→ EXTRACTED RECORDS:
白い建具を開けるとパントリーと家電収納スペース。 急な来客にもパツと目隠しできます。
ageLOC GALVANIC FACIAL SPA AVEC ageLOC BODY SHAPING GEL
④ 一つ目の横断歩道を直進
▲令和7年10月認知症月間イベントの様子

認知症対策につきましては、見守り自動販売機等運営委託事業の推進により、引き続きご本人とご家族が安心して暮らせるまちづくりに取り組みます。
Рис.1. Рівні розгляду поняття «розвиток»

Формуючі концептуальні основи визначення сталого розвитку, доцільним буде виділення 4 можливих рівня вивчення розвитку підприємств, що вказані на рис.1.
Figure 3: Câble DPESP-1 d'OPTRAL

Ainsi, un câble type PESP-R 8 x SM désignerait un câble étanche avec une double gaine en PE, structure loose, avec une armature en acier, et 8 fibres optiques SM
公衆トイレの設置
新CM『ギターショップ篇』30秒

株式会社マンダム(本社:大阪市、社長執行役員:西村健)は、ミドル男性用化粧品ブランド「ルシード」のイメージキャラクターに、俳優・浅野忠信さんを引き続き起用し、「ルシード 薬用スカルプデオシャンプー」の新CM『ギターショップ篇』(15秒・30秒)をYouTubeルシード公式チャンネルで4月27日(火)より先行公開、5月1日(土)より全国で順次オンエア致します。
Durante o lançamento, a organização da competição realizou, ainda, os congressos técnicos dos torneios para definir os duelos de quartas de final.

--

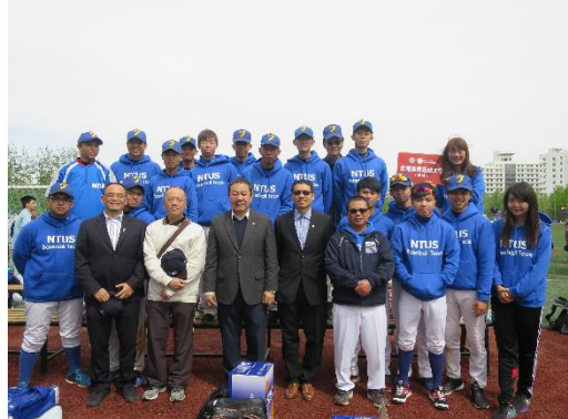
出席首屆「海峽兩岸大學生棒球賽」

* * *

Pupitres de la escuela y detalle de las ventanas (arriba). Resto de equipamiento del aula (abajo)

→ AIM OF THE TASK: Reproduce exactly the section above that begins at the line containing "株式会社マンダム(本社:大阪" and ends at the line containing "Durante o lançamento, a", leaving out all other lines.

→ TASK ANSWER:
株式会社マンダム(本社:大阪市、社長執行役員:西村健)は、ミドル男性用化粧品ブランド「ルシード」のイメージキャラクターに、俳優・浅野忠信さんを引き続き起用し、「ルシード 薬用スカルプデオシャンプー」の新CM『ギターショップ篇』(15秒・30秒)をYouTubeルシード公式チャンネルで4月27日(火)より先行公開、5月1日(土)より全国で順次オンエア致します。
Durante o lançamento, a organização da competição realizou, ainda, os congressos técnicos dos torneios para definir os duelos de quartas de final.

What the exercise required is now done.